The Overseas Electors Bill, brought forward by MP Glyn Davies and supported by famous nonagenarian British expat Harry Shindler, has been passed for a second reading by the British House of Commons. Parliamentarians approved the financing of the bill, but also stated there are serious concerns about the cost of adding some five million voters to Britain’s electoral roll.

The 15-year disenfranchisement law has proved even more controversial since the Brexit referendum, as it stripped the right to vote for their futures for many thousands of British retirees living long-term in EU member states. Notwithstanding the financial ramifications as regards the electoral roll, the bill has strong UK government support and is expected to finally be voted into law.

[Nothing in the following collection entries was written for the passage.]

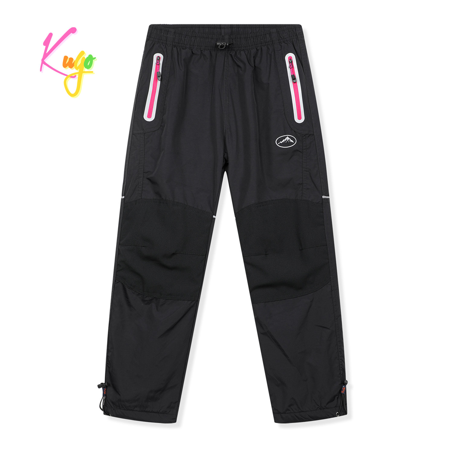 Dívčí zateplené šusťáky Kugo: Složení 100% polyester, vrchní materiál nepromokavý kvalitní šusťák, uvnitř jsou kalhoty zateplené hřejivým flísem. V pase pružná guma + olivka na stažení, na bocích dvě kapsy na zip, na konci nohavic stahování, kalhoty mají reflexní prvky.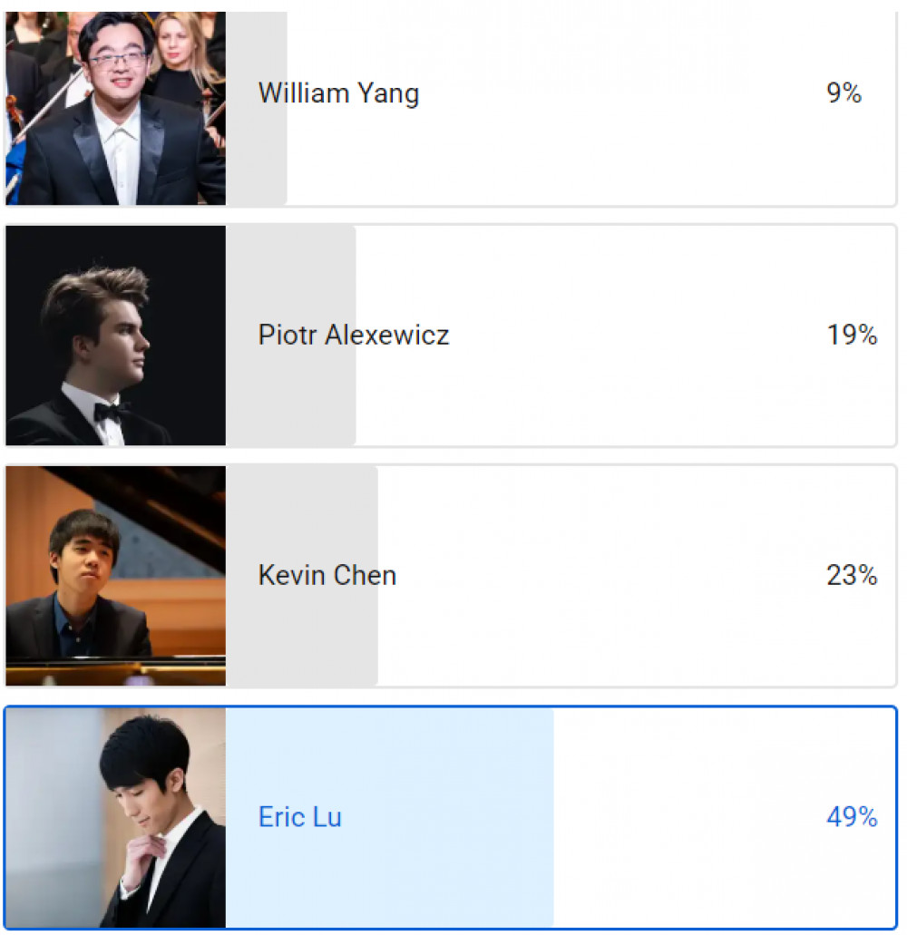 给出4人,3个华裔,大概是决赛选手。小 Lu 民调大幅领先,是获奖大热门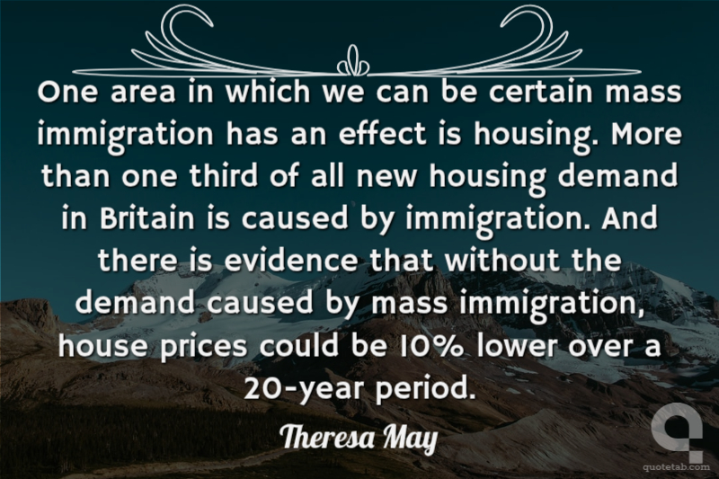 One area in which we can be certain mass immigration has an effect is housing. More than one third of all new housing demand in Britain is caused by immigration. And there is evidence that without the demand caused by mass immigration, house prices could be 10% lower over a 20-year period.
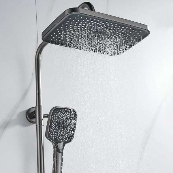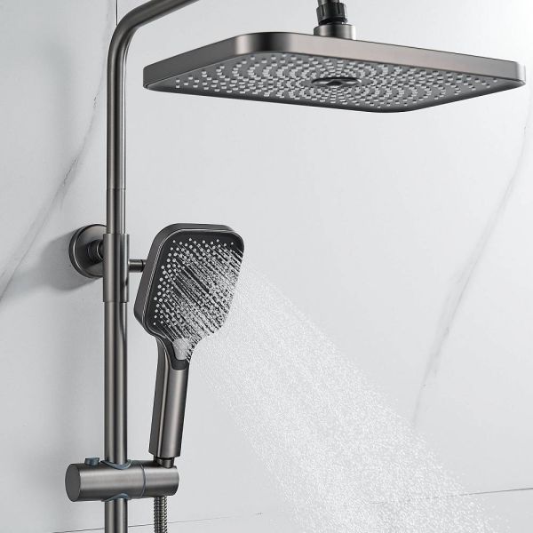 Душевая система Shevanik S9636T, оружейная сталь.Количество режимов струи: 3.Размер верхнего душа: 29x19,5 см.Управление: рычажное.Излив для наполнения ванны: да.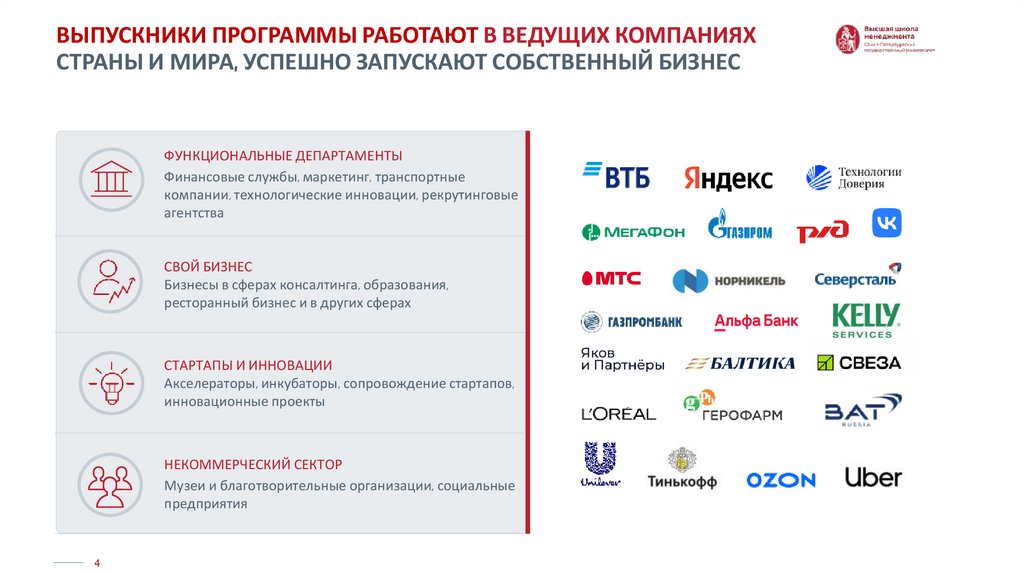 ВЫПУСКНИКИ ПРОГРАММЫ РАБОТАЮТ В ВЕДУЩИХ КОМПАНИЯХСТРАНЫ И МИРА, УСПЕШНО ЗАПУСКАЮТ СОБСТВЕННЫЙ БИЗНЕС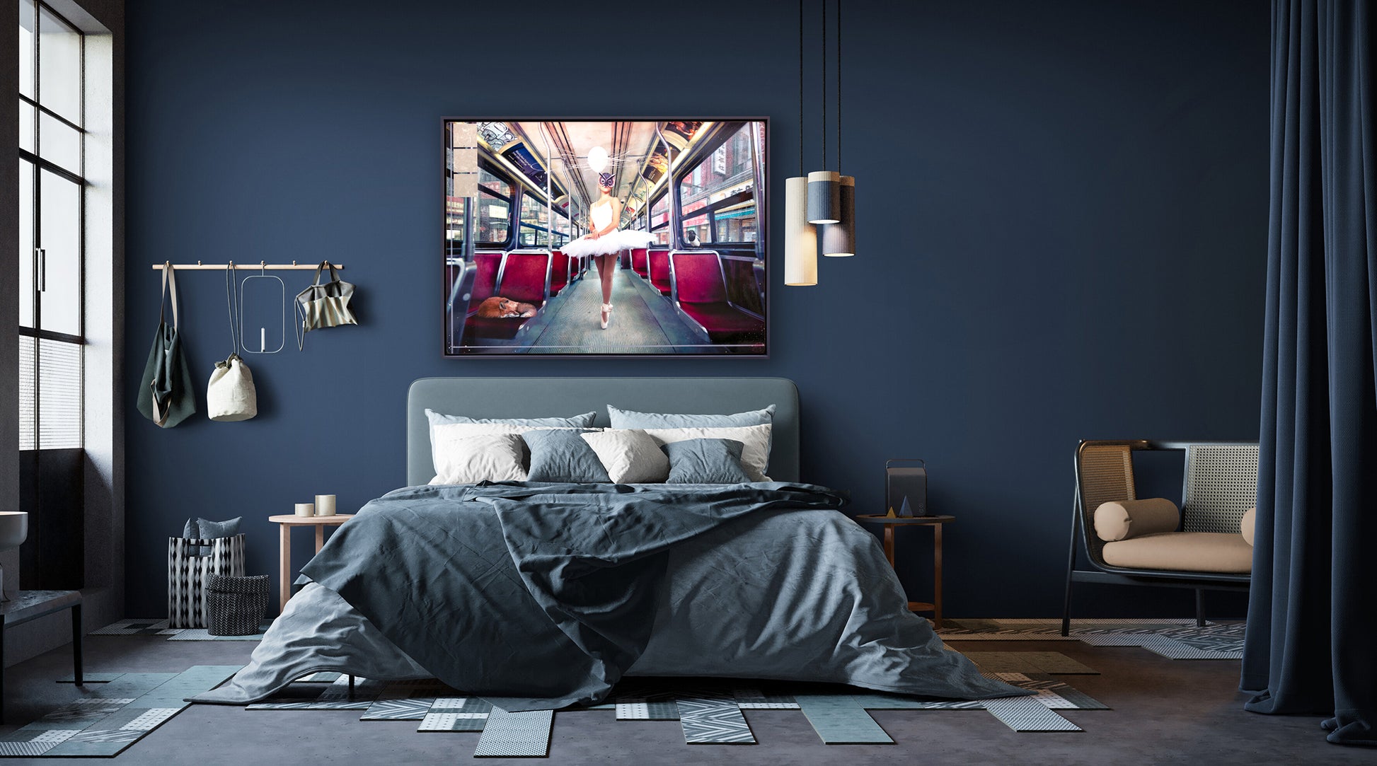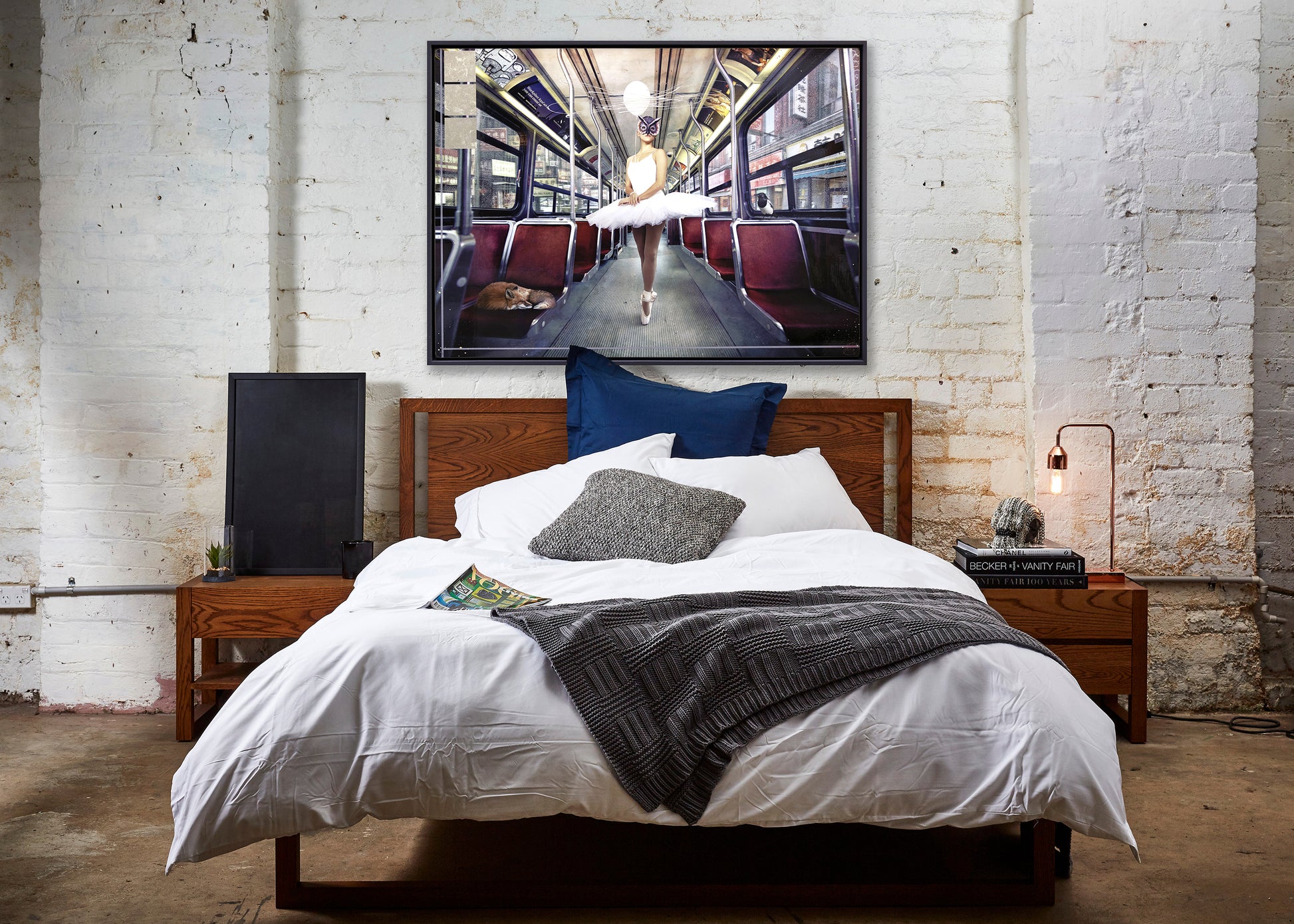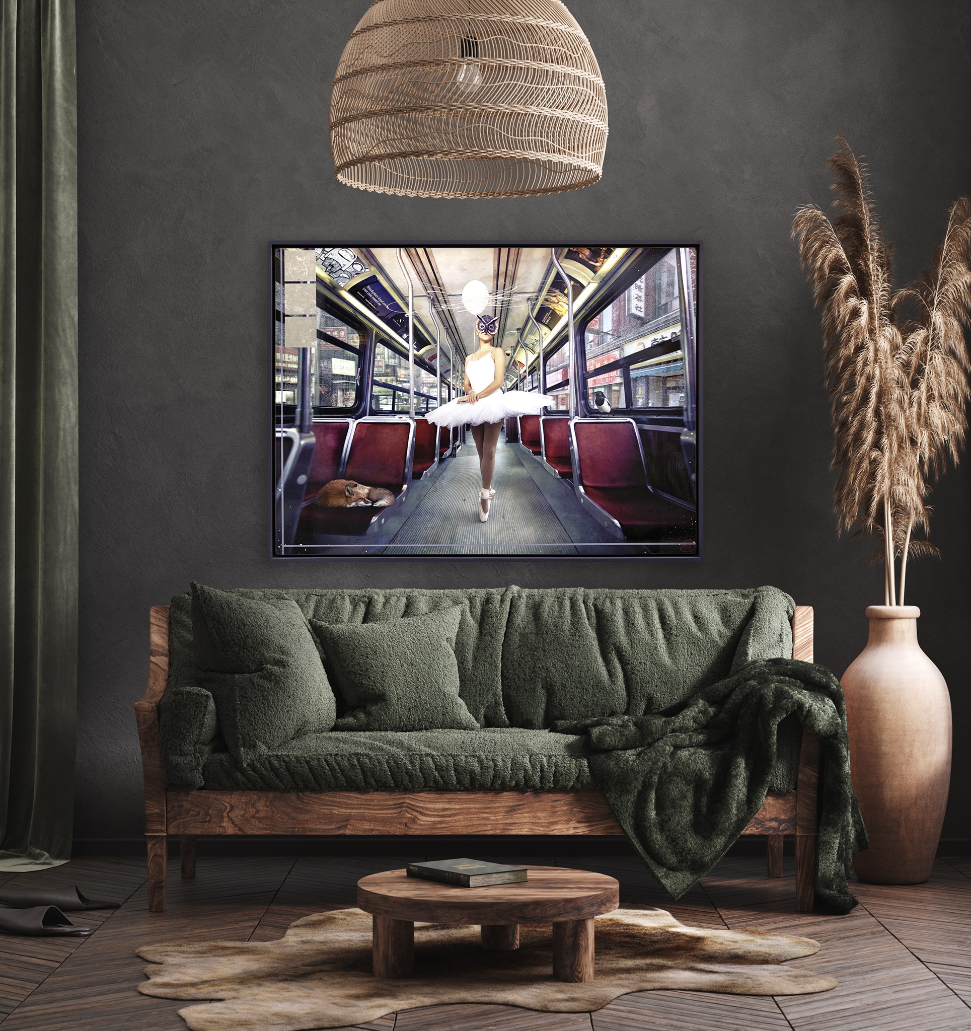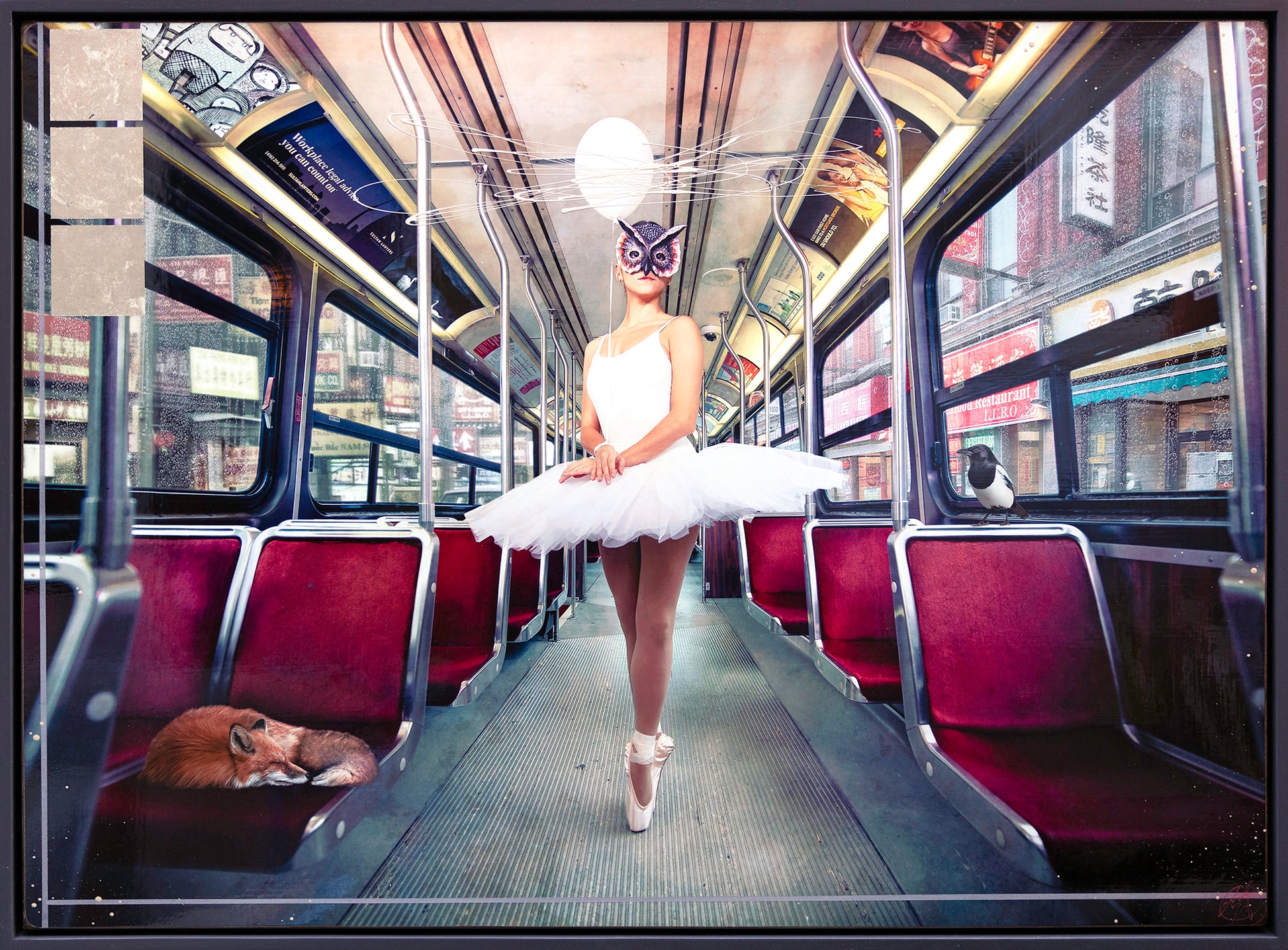 "Traveling Companions" part of Morgan Jones's Masked Series, portrays a ballerina wearing an owl mask riding a Toronto Transit Commission (TTC) streetcar, joined by a slumbering fox and a watchful magpie as unlikely fellow passengers. The scene combines the everyday with the fantastical, set against Chinatown, visible through the vehicle's windows.

During Italy-based expat Harry Shindler’s recent BBC interview, he described his decades’ long fight for the right to vote and his joy at hearing the bill had passed another hurdle. Despite losing a good number of court battles during the years he’s fought for long-term retirees’ voting rights, he’s never given up on his determination to see it through, even refusing a chance at Italian citizenship in order to keep on fighting. Now 96 years old, he’s determined to see it out before his 100th birthday.

According to MP Sir Roger Gale, those who spoke out against the bill during the parliamentary first reading should meet of with Harry and attempt to explain the reasons why he should not be able to vote. Sir Roger said Harry and the millions like him who take pride in being British and maintain a keen interest in the mother country should have the right to vote, especially on crucial issues such as Brexit. Following the referendum, there was much speculation about the final result should the 15-year rule not have applied.

Layla Moran, speaking for the Lib-Dems, agreed, saying Britons living and especially retiring overseas are no less British than those sitting in parliament, but have lost their voices due to ‘outdated notions’ of what it means to be British. Other MPs cited administrative challenges and costs to already cash-strapped local authorities should the bill become law, but Cabinet Minister Chloe Smith said the proposed reversal of the law rights an injustice, with the MP from Montgomeryshire stating expat voters should be seen as an integral part of British democracy.